O CESE considera, além disso, que os indicadores usados «descrevem» o problema da pobreza e da exclusão social. Perante os desafios que se colocam à coesão social na UE e à consequente modernização do modelo social europeu, é importante que esses indicadores impliquem uma resposta política equilibrada, contemplando uma melhor distribuição dos rendimentos, as políticas de flexigurança correctamente financiadas e geridas no mercado de trabalho e a inclusão activa. Este «modelo dinâmico» de políticas de emprego e sociais foi sugerido pelo CESE no seu parecer sobre a matéria (8).

4.3

O CESE saúda o facto de a Comissão ter reconhecido que a natureza multifacetada da pobreza e da exclusão social requer medidas adequadas. Na comunicação sobre a Agenda Social Europeia para o período 2005-2010, que visa, entre outros, persuadir os Estados-Membros a consolidar, integrar e racionalizar medidas de combate à pobreza e exclusão social, a Comissão complementou — acertadamente — o indicador de pobreza relativa com o de pobreza persistente (9).

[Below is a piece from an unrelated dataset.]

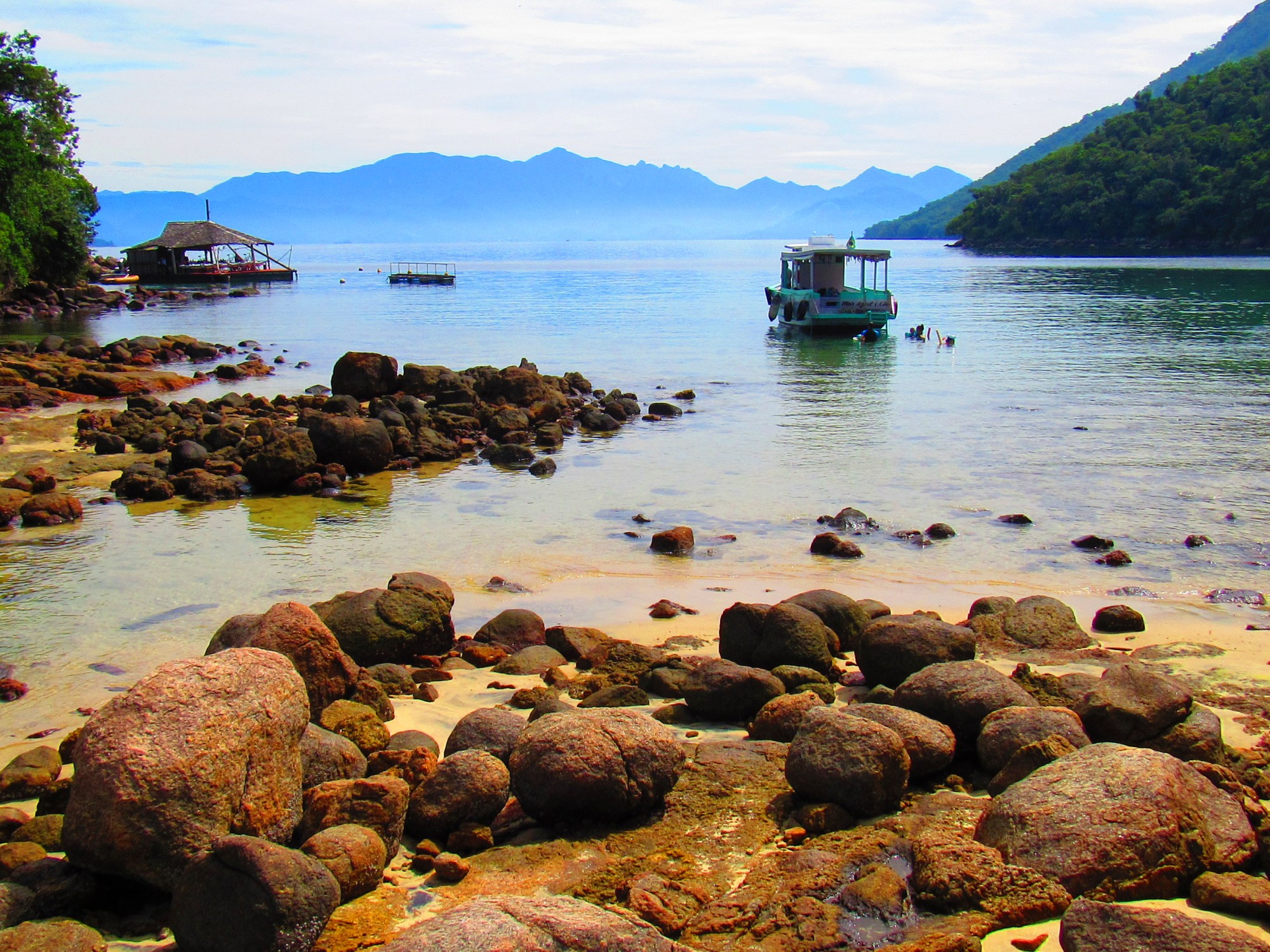 Chegamos em Angra dos Reis, deixamos o carro no estacionamento e pegamos o barco. Diferente da primeira vez que fomos, pegamos um tempo muito bom. Muito sol e calor. Chegamos, descarregamos as coisas e já fomos almoçar. Como sempre, a comida, excelente!

Mais tarde, ao propor que a protecção social, cuidados de saúde e cuidados a longo prazo fossem também objecto de uma melhor coordenação, a Comissão chamou a atenção para a necessidade de dar mais ênfase aos «indicadores de privação» (10).

4.4

Tendo em conta o acima exposto, o CESE entende que a decisão sobre o Ano Europeu 2010 deve basear-se em indicadores de pobreza que definam com mais exactidão o nível de privação, as zonas afectadas e a gravidade do problema. Tal aumentaria a sensibilização pública e o apoio às políticas de emprego e de protecção social na esfera nacional e comunitária, dirigidas às pessoas e às comunidades ameaçadas ou afectadas pela pobreza profunda e absoluta (11).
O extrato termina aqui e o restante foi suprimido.